The group manages to secure funding and the means to travel to the Amazon to confront their corporate foe. Upon arrival they quickly don uniform facsimiles of the offending corporation and make their way through their camp, mostly unnoticed. They quickly chain themselves to trees and bulldozers, though Justine is unable to lock herself in, which allows an armed company thug to pull her from the tree and point a gun to her head. Frightened, her fellow protesters film the incident on their cellphones, which saves her life. Having broadcast their video online, which achieves viral status, the group celebrates on their home-bound plane afterward. The lone contrarian is Justine, who realizes Alejandro deliberately jeopardized her life to ensure the sensationalized video had ample, emotional impact.

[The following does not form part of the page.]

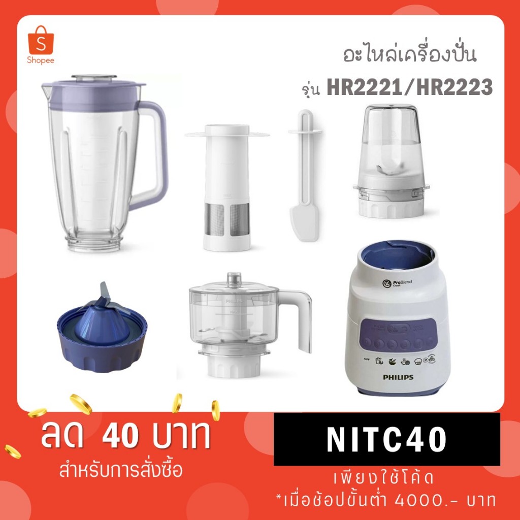 โถปั่นแห้ง โถน้ำ ใบมีด - เครื่องปั่นอเนกประสงค์ Philips รุ่น HR2221 / HR2223

As the group swills beer in self-congratulatory revels, the plane's engine ignites, imperiling everyone on-board. As the plane plunges then crashes, the pilots and select members of the protest group meet gruesome ends, including impalement by tree branch.
Shock gives way to fear as the crew is descended upon by dart-blowing aborigines. They're led to a village, where hundreds more of the hooting and chanting red-skinned natives paw at the activists. Terrified, the group is herded into a cage, where they await uncertain but grim fates. Secretary-General, I think we both know what happens next. One of the group; a beefy chap named Jonah (real name: Aaron Burns) is pulled from the cage and laid upon what looks like a stone altar; where the village elder, with her one weird eye and painted face, suddenly digs into the poor slob's eye sockets. She proceeds to pull them out and eat them, which makes the villagers howl with delight and the protesters scream in revulsion. Shortly thereafter, Jonah's limbs are hacked off, along with his head. More shouts of glee are heard as the various body parts are fed into ovens. Moments later, the villagers enjoy a tasty treat known in the Amazon as Baked Jonah.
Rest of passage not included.